DAY 18 / PHASE 2 · APPLICATIONS & SYSTEMS

MCP

Three Primitives · stdio vs HTTP · Build a Server · Context Tax

2026-06-01 · BigCat

MCP isn't another function-calling wrapper — it collapses the N×M integration problem into N+M.

// WHY THIS MATTERS

You already write tool schemas and wire up APIs. MCP's engineering value isn't "now I can call tools" — it's that it changes the topology of integration: instead of writing glue for every model × every data source (N×M), you write a server once and every client reuses it (N+M). But what actually decides whether MCP works for you are three points most people overlook: the control axis of the three primitives (what belongs in a Tool vs a Resource), the process model of the transport (one obscure stdio bug can silently corrupt your whole JSON-RPC stream), and MCP's biggest production failure mode — the context tax of tool definitions (connect 10 servers and you burn thousands of tokens before the user says a word). This issue assumes you know what MCP is; it goes straight to engineering it and avoiding the traps.

// 01

Three Primitives: Not Naming, but Control

Claim: putting a capability in Tool / Resource / Prompt decides "who initiates the call" — MCP's most misused design point.

Background & Principle

An MCP server can expose three primitives.

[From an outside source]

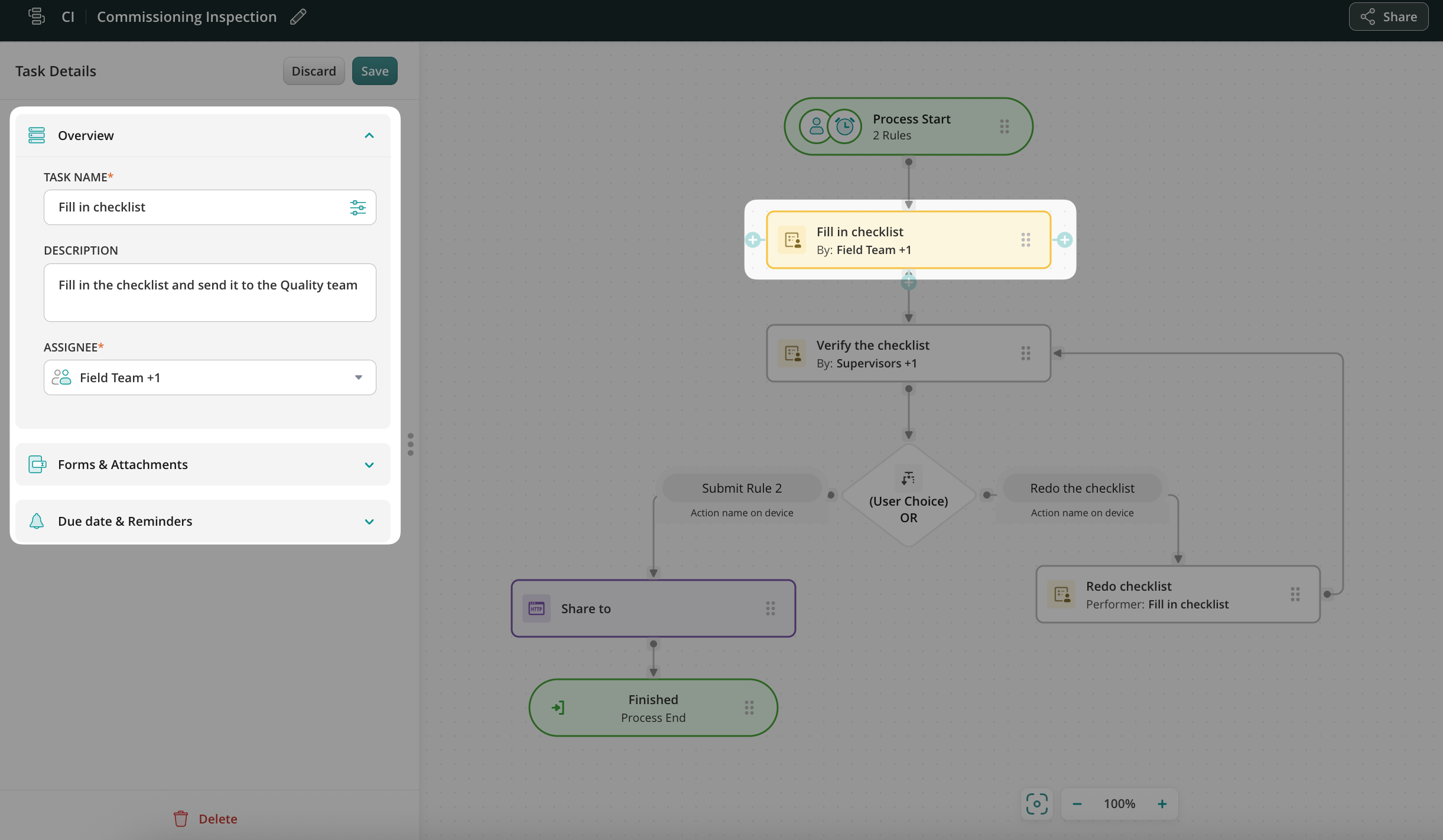 If necessary, add additional tasks for other process participants and connect the tasks. The workflow example below shows a fully configured flowchart with a revision task and communication loop between the field team and supervisor.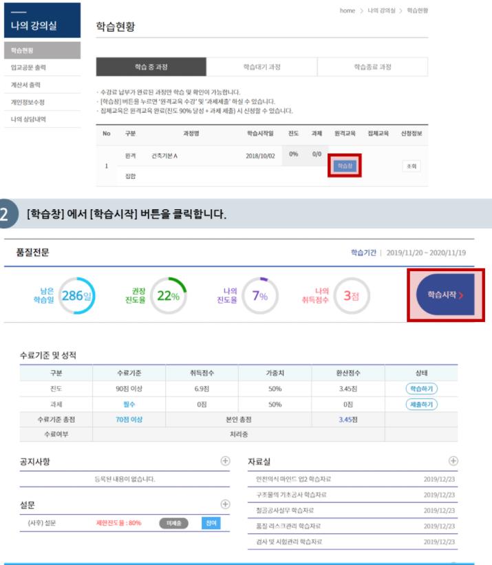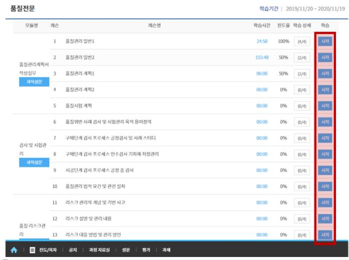 각 과목당 학습에서 학습시작을 클릭후 온라인교육을 시작합니다.

The difference isn't function but control axis:

Most people make everything a Tool, turning "read a config file" into a model tool call — wasting a decision and adding noise to tool selection. The right rule: read-only data → Resource, side-effecting action → Tool, user-initiated workflow → Prompt.

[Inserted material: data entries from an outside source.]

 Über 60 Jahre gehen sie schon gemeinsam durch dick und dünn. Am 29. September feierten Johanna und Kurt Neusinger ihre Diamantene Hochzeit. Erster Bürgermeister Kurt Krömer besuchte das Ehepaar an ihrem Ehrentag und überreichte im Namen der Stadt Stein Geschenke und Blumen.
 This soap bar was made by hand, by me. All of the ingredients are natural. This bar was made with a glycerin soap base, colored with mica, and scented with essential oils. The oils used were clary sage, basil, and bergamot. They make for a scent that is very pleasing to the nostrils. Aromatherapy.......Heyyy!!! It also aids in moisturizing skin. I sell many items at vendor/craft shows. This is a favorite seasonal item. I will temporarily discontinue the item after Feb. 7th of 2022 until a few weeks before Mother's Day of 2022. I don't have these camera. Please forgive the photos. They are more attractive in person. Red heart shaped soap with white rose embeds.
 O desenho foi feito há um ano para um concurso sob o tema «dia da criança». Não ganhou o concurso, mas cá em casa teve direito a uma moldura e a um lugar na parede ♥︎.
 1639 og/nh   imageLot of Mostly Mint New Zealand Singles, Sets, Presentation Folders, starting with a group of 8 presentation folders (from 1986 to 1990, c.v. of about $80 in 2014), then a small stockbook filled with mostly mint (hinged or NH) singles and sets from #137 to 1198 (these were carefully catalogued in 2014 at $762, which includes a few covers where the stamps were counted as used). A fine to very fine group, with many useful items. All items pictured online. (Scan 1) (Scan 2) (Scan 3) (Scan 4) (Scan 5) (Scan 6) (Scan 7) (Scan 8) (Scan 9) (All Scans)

This control axis is also a trust axis: model-controlled Tools carry the highest risk (the model may fire side effects when you didn't expect it), so hosts broadly put permission gates on Tools; application-controlled Resources are host-curated — what gets injected and when is under control; user-controlled Prompts are human-initiated, the highest trust. Misplacing an action as a Resource bypasses an approval that should exist; misplacing data as a Tool drops a zero-risk read into the high-risk, approval-gated channel. Primitive choice isn't just UX — it's the permission boundary.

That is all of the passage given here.